> _WORK TO COMPLETE_
Starting with the line that has "特色川菜館廚房餐區設計:設計" and finishing with the line that has "2019年是第17個(gè)", set down each line below exactly. Pictures are not copied.

** ENTRIES SHOWN follows **

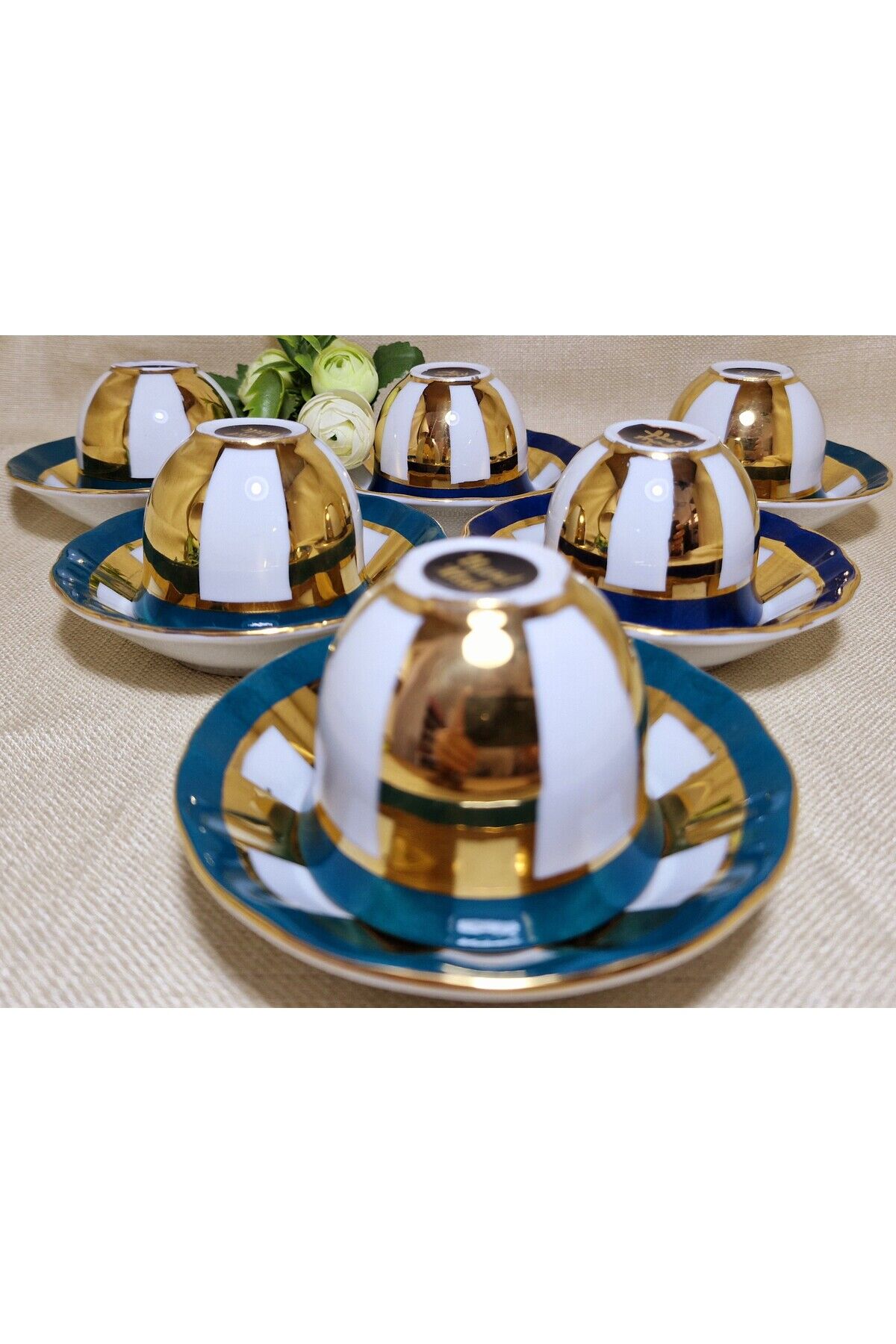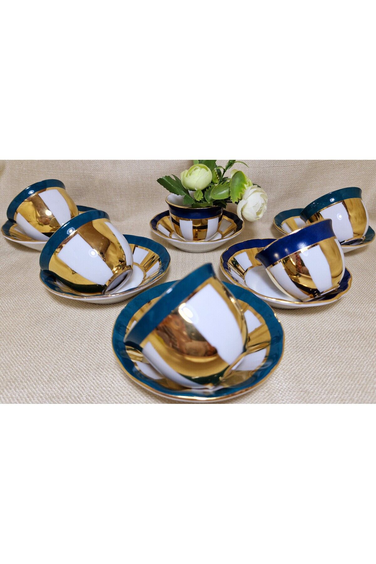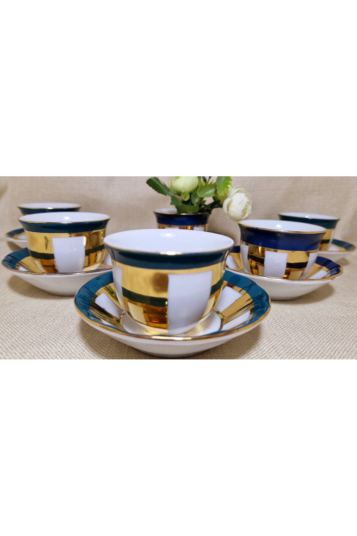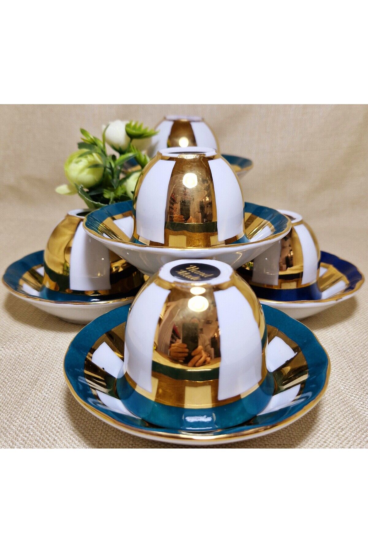 Sizin için özel olarak seçilen bu eşsiz ALTIN HARMONİ Porselen El Boyama 6 Adet Mırra seti, zarif ve göz alıcı bir masa dekorasyonunu tamamlamanız için mükemmel bir seçenektir.; Ürünlerimiz tamamen elde boyanmış olup 24 ayar altınla bezen mistir.; Her bir parça elde boyanmış ve özenle süslenmiştir, bu nedenle her biri benzersizdir.; Ürün İçeriği: 6 Adet Mırra 6 Adet Mırra Tabağı Malzeme: Yüksek kaliteli Porselen Bu şahane set, sadece zarif bir sofra düzenlemesi sağlamakla kalmaz, aynı zamanda özel günlerde veya özel misafirleriniz için muhteşem bir hediye seçeneği sunar.; Temizlik Talimatları: Bu porselen ürünler, uzun ömürlerini ve mükemmel görünümlerini korumak için bulaşık makinesinde yıkanmamalıdır.; Lütfen elde yıkama veya yumuşak bir bezle temizlik yapmayı tercih edin.; Porselen El Boyama Mırra 6'lı seti ile sofranızı dönüştürün ve misafirlerinizi büyüleyin.
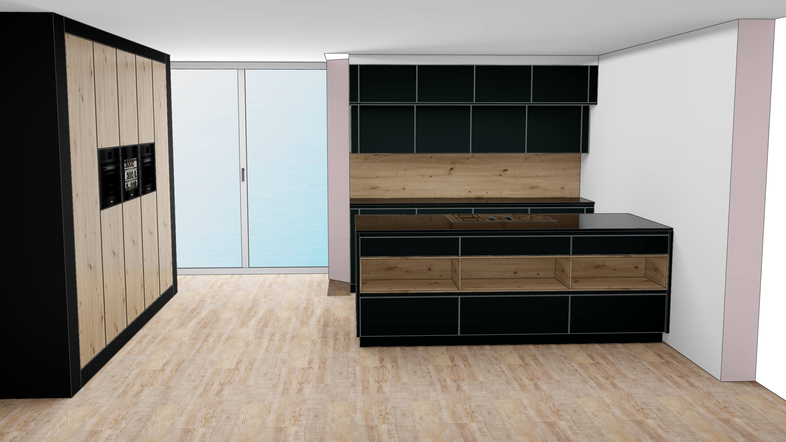 Entdecken Sie die moderne Designküche Modell Fino von Wert Küche, die Eleganz und Funktionalität in perfekter Harmonie vereint. Mit durchgängigen, grifflosen Fronten in stilvollem Lavaschwarz matt - inklusive Anti-Fingerprint-Technologie - strahlt diese Küche zeitlose Schönheit aus. Die warme Wildeiche Natur Nachbildung an Nischenrückwand und Absetzungen setzt stimmige Akzente.
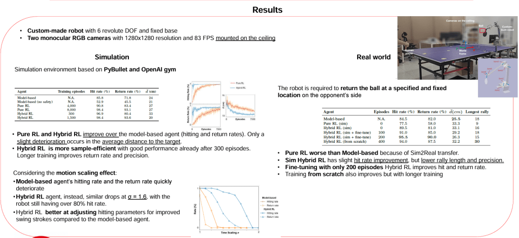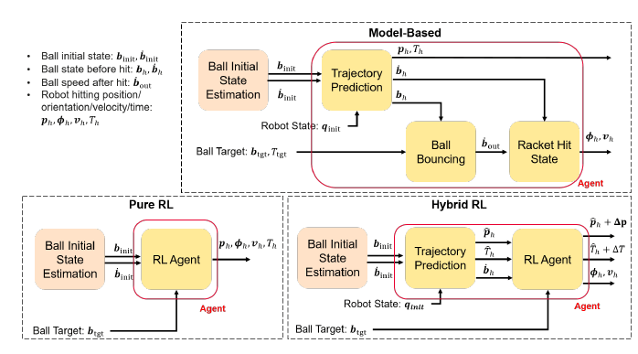 The Hybrid RL mixes the Model-based and the Pure RL. In fact, given the inital ball state estimation, it predicts the hitting position, hitting time, and ball state at hitting time in the same way as the model-based approach. It then uses RL to learn a correction over the hitting position and time, and the full hitting velocity and orientation.
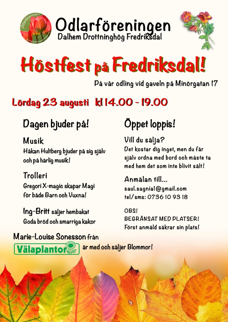 #odlarforeningen_hbg, Fredriksdals odling, Höstfest, InformationHÖSTFEST på Fredriksdal! augusti 11, 2025 odlarforeningen … och en bild säger med än tusen ord. Sägs det… Dela detta: Dela på X (Öppnas i ett nytt fönster) X Dela på Facebook (Öppnas i ett nytt fönster) Facebook Dela på LinkedIn (Öppnas i ett nytt fönster) LinkedIn E-posta en länk till en vän (Öppnas i ett nytt fönster) E-post Gilla Laddar in … Relaterade Publicerad av odlarforeningen Visa alla inlägg av odlarforeningen
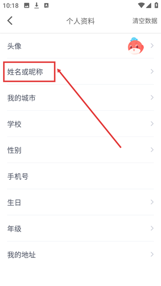 3、在个人资料页面,选择【姓名或昵称】选项,可进入昵称编辑界面。
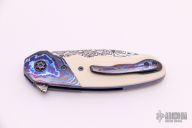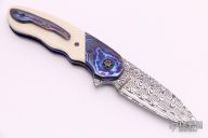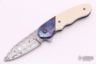 This Kiba flipper from Larevo Knives (Jason Overall) feature a Damasteel blade with notched thumbrest and flipper. The handle has black timascus bolsters, Elforyn scales, anodized titanium liners, black timascus backspacer and tip up clip, zirconium pivot collars, has anodized titanium hardware from Steven Kelly. This knife flips well on caged bearings. Blade is centered when closed and locks up with no blade play, nice detent. Excellent condition. Comes with zippered case and COA dated July 9th, 2018.
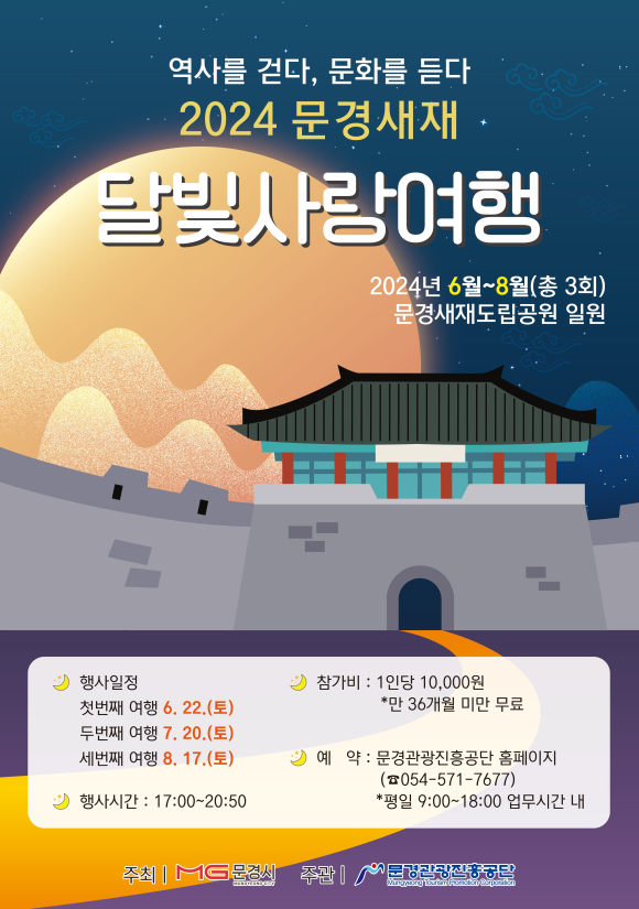 2005년부터 시작해 올해로 18회를 맞은 「2024 문경새재 달빛사랑여행」은 문경시가 주최하고 문경관광진흥공단이 주관하며, 매달 보름 가까운 토요일 환한 달빛 아래 문경새재 도립공원을 걸으며 다양한 체험 프로그램과 공연을 즐길 수 있는 문경시 대표 야간 관광 프로그램이다.
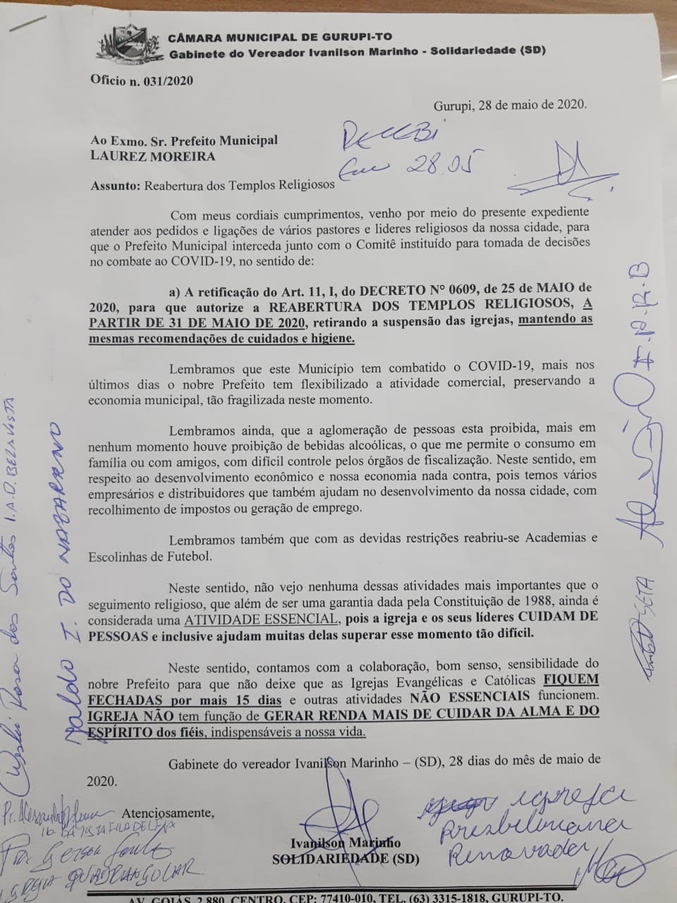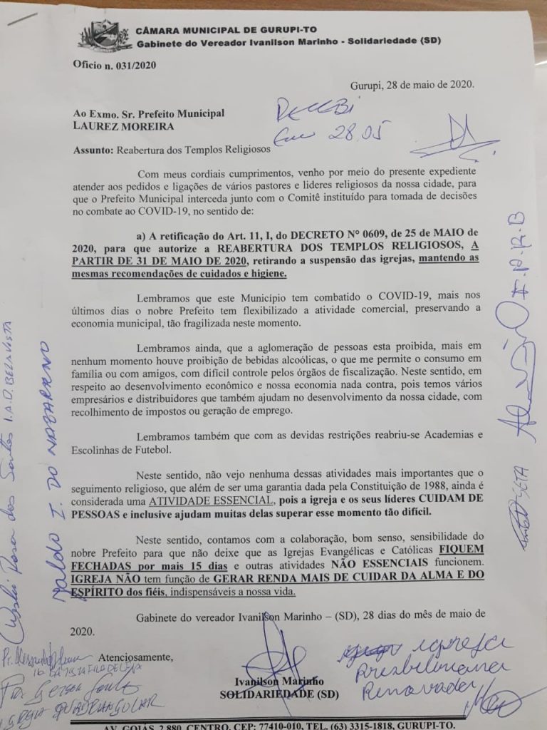 De acordo com Marinho, ele recebeu várias mensagens de líderes religiosos solicitando que a reabertura das igrejas de Gurupi fossem discutidas no Comitê Gestor Municipal.
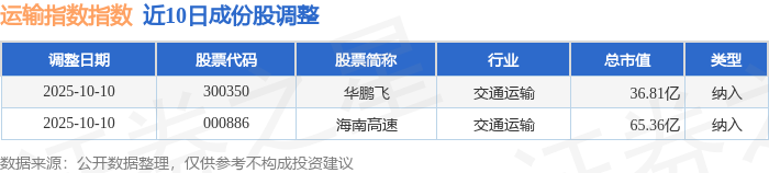 近10日内运输指数(399237)成份股做了调整,新纳入了2只股票。
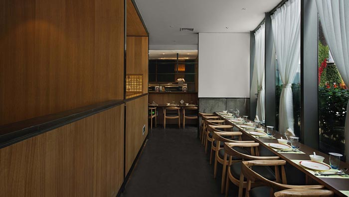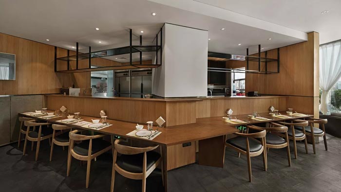 特色川菜館廚房餐區設計:設計師在廚房外圍的周邊,打造了一處直角餐區,客戶可以邊就餐,邊看到廚房的情況,讓客戶吃的放心、吃的安心,同時也為餐館營造了10個餐位。
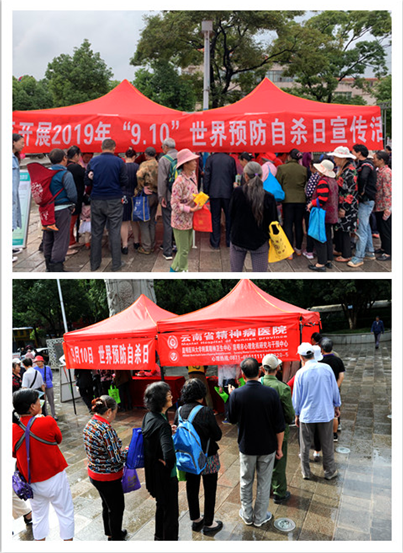 2019年是第17個(gè)“世界預(yù)防自殺日”, 為引導(dǎo)廣大人民群眾正視精神和心理問(wèn)題,預(yù)防自殺和降低自殺率,2019年9月10日上午,云南省精神病醫(yī)院、昆明市心理危機(jī)研究與干預(yù)中心聯(lián)合呈貢區(qū)和西山區(qū)疾病預(yù)防控制中心,分別在呈貢區(qū)縣城廣場(chǎng)和西山區(qū)碧雞廣場(chǎng)開展“世界預(yù)防自殺日”宣傳活動(dòng)暨紅色義診、創(chuàng)建“全國(guó)文明城市”志愿者活動(dòng)。
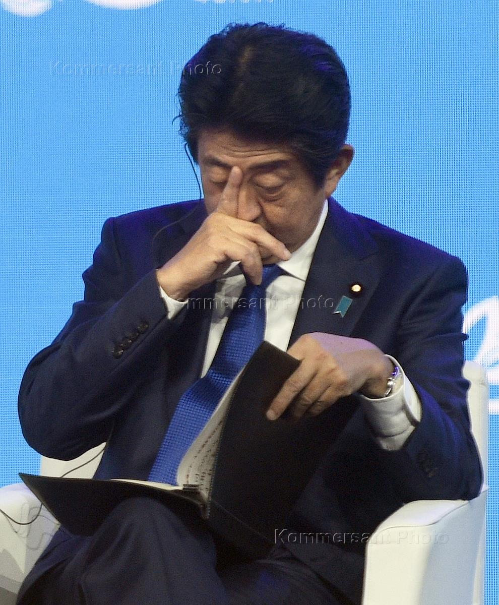 Рабочая поездка президента России Владимира Путина в Дальневосточный федеральный округ. II Восточный экономический форум. Премьер-министр Японии Синдзо Абэ на пленарном заседании "Открывая Дальний Восток".

** End of ENTRIES SHOWN **

> _ANSWER SPACE_
 特色川菜館廚房餐區設計:設計師在廚房外圍的周邊,打造了一處直角餐區,客戶可以邊就餐,邊看到廚房的情況,讓客戶吃的放心、吃的安心,同時也為餐館營造了10個餐位。
 2019年是第17個(gè)“世界預(yù)防自殺日”, 為引導(dǎo)廣大人民群眾正視精神和心理問(wèn)題,預(yù)防自殺和降低自殺率,2019年9月10日上午,云南省精神病醫(yī)院、昆明市心理危機(jī)研究與干預(yù)中心聯(lián)合呈貢區(qū)和西山區(qū)疾病預(yù)防控制中心,分別在呈貢區(qū)縣城廣場(chǎng)和西山區(qū)碧雞廣場(chǎng)開展“世界預(yù)防自殺日”宣傳活動(dòng)暨紅色義診、創(chuàng)建“全國(guó)文明城市”志愿者活動(dòng)。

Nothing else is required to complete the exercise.